As a final contribution, and with the goal of facilitating
the work of reviewers of future EPF publications, we provide a short checklist to evaluate whether any new research in EPF satisfies the requirements to be reproducible and to lead to meaningful conclusions:

    • The test dataset comprises at least a year of data.
    • Any new model is tested against state-of-the-art open-access models, e.g. the ones provided here.
    • The computational cost of new methods is evaluated
    and compared against the computational cost of existing methods.
    • The employed datasets are open-access.

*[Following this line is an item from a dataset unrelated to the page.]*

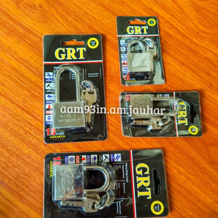 Gembok GRT 30 mm Leher Pendek / Panjang Besi Baja Tahan Karat kunci Pagar Kantor Gudang Gerbang Anti Maling 105 Gram
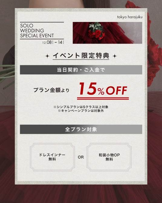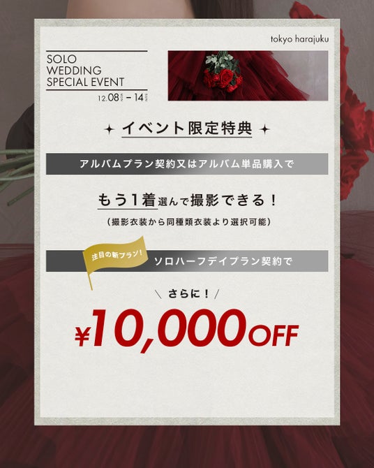 aim初のソロウェディングスペシャルイベント開催決定。ソロウエディングを検討されている方へ、aim東京原宿店が贈るこの期間だけの特別な1週間。

    • The study is based on multiple markets.
    • rMAE is employed as one of the accuracy metrics to
    evaluate forecasting accuracy.
    • Statistical testing is used to assess whether differences
    in performance are significant.
    • Forecasting models are recalibrated on a daily basis
    and not simply estimated once and evaluated in the
    full out-of-sample dataset.
    • Hyperparameters are estimated using a validation
    dataset that is different from the test dataset.
    • The split and dates of the dataset are explicitly stated.
    • All the inputs of the model are explicitly defined
    - The test dataset is selected as the last section of the
    full dataset and does not contain any overlapping data
    with the training or validation datasets.
    • State-of-the-art and free toolboxes are used for modeling the benchmark models.